Problem 3 is a “basic” geometric probability problem. It was raised by another Ask Dr. Math reader (follow the link in the question) who argued that since the cardinality of each of the spaces is the same, the probability of landing in each must be the same. Doctor Tom replied, in part that “the cardinality of the set does not determine its measure” and that it is “measure” and not “cardinality” that is important in determining probabilities.

Then we come back to my original question:

  • ABCD is a square with side length 10. P is a point chosen at random inside ABCD. What is the probability that P lies on one of the diagonals of ABCD?

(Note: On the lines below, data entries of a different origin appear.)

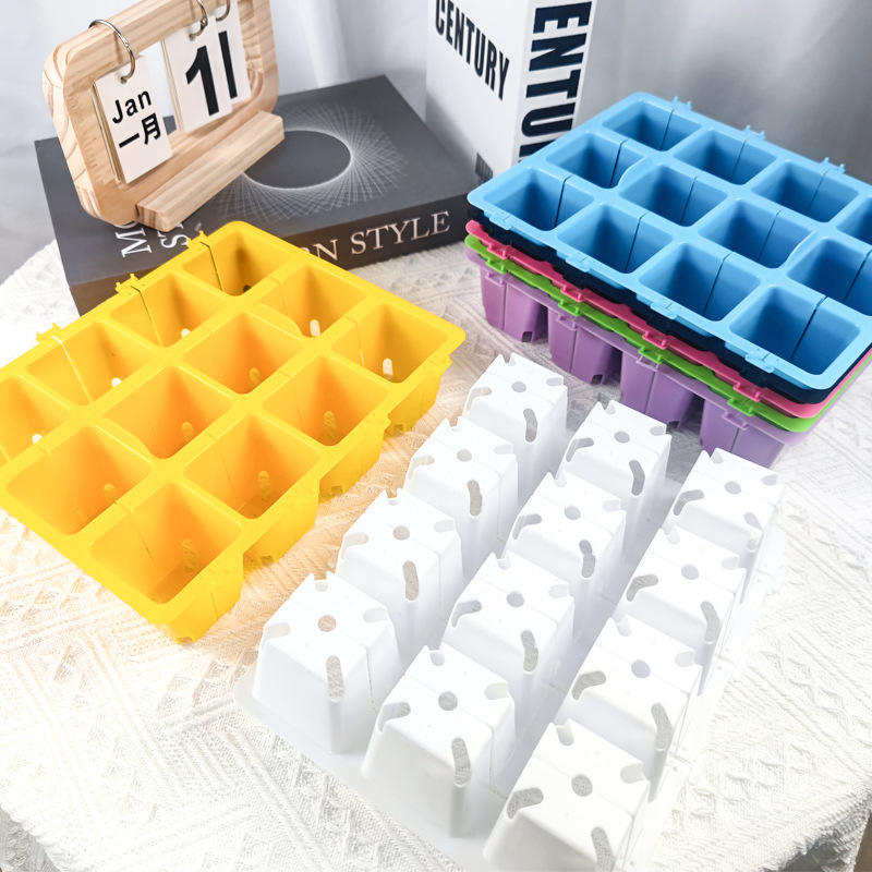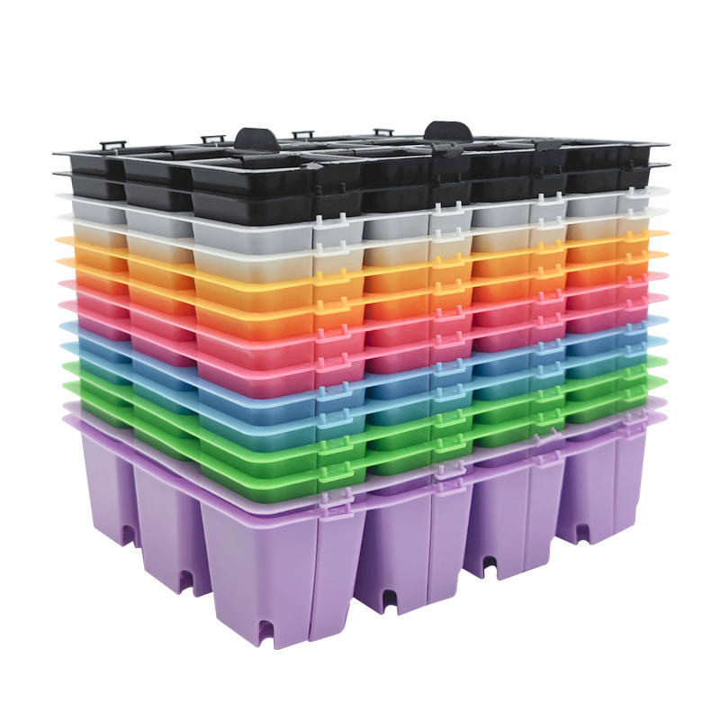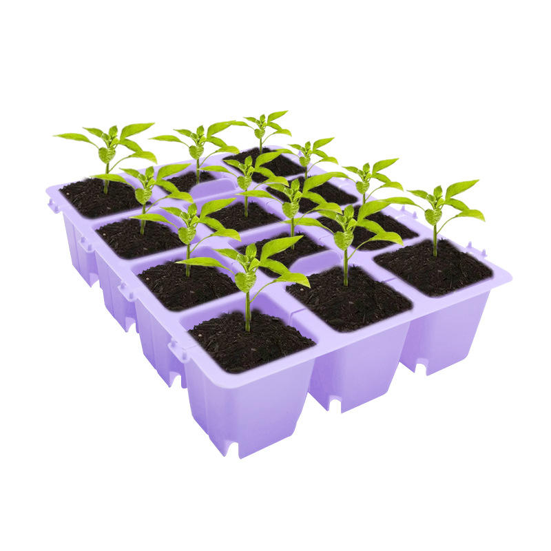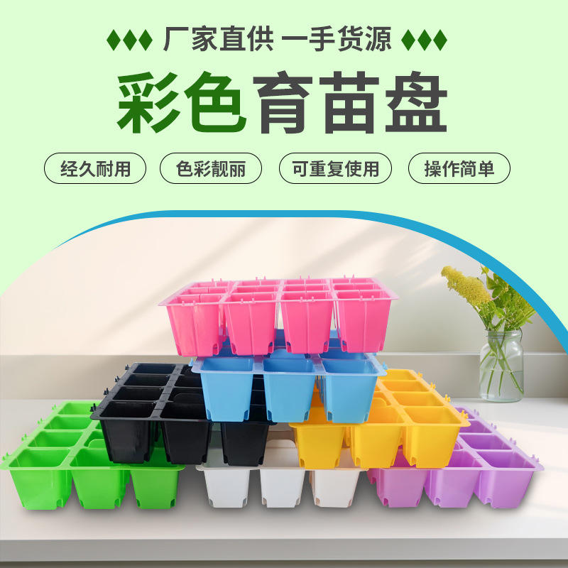 Bandeja de semillero colorida de 12 orificios, reutilizable, de plástico, para jardinería en casa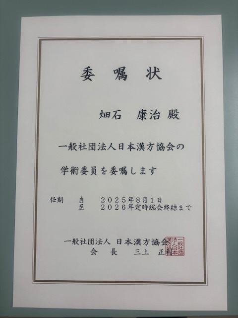 日本の漢方を代表する組織である日本漢方協会の役員を務めることとなりました。日本漢方の発展に尽力致します。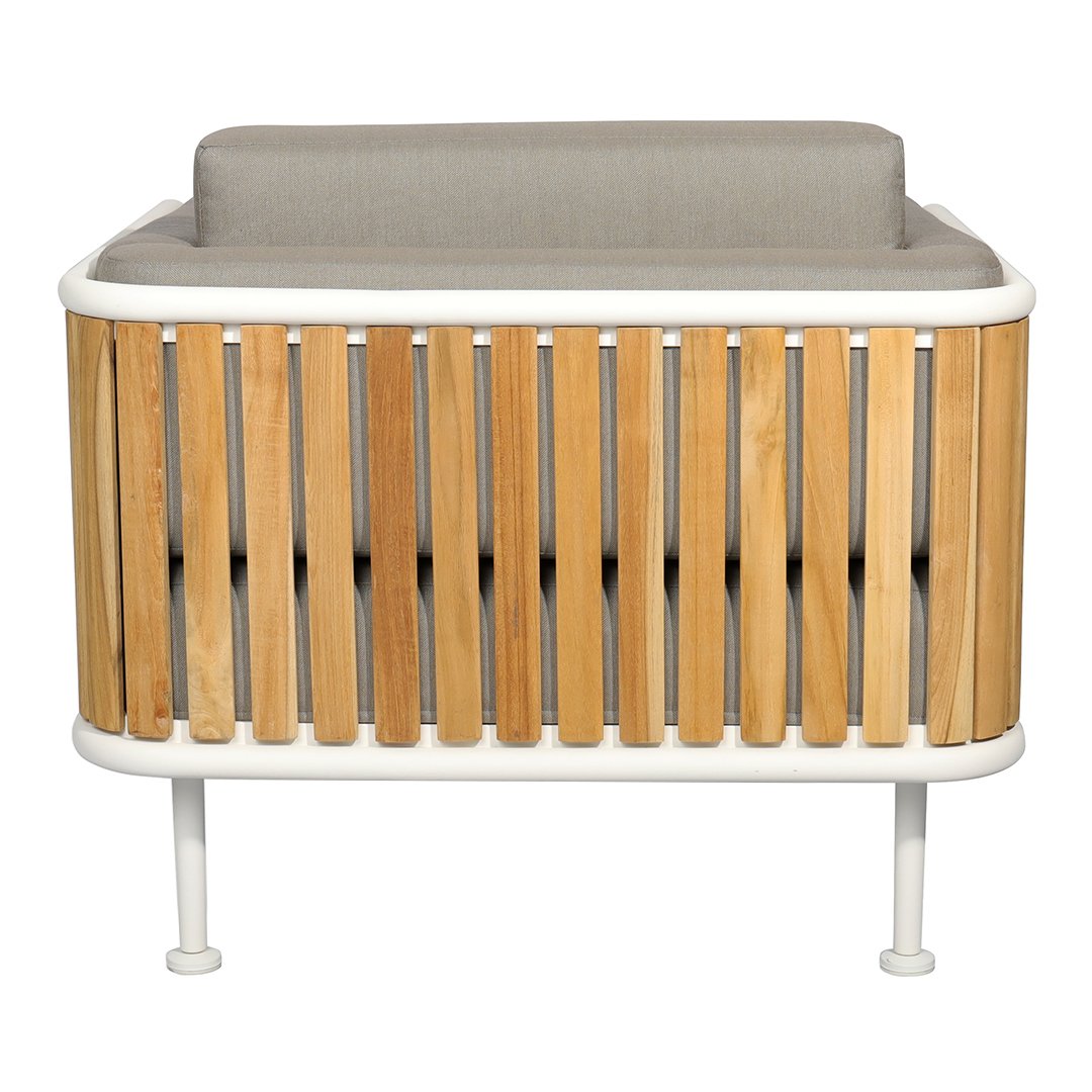 This modular lounge group is inherently versatile. With more than seven modules, a lounge chair and a separate daybed. Designed to stand out and yet blend in, no matter whether you live in the countryside or the city. The teak and the durable aluminium frame ensure it can be placed in a variety of settings and still retain its good looks after years of enjoyment. To complement the lounge group, a choice of coffee tables is available with ceramic and teak tops.

What I think is cool about this question is that the number of points on the diagonals is infinite, but it it’s size/area/measure (corrected in response to Pseudonym’s comment) is infinitesimal in comparison to the size of the area of the square. I suppose in that way it’s related to the problem below about choosing a rational number at random out of the set of all real numbers.

Some other interesting and related questions from Ask Dr. Math:

And my favorite:

Please post your comments on any of these problems that pique your interest or raise issues that you’d like to discuss further!

9 Comments leave one →
  1. Pseudonym permalink
    March 12, 2008 12:53 am

    What makes some of these questions hard to answer is that they bring in some quite advanced maths.

    Take the original question:

    ABCD is a square with side length 10. P is a point chosen at random inside ABCD. What is the probability that P lies on one of the diagonals of ABCD?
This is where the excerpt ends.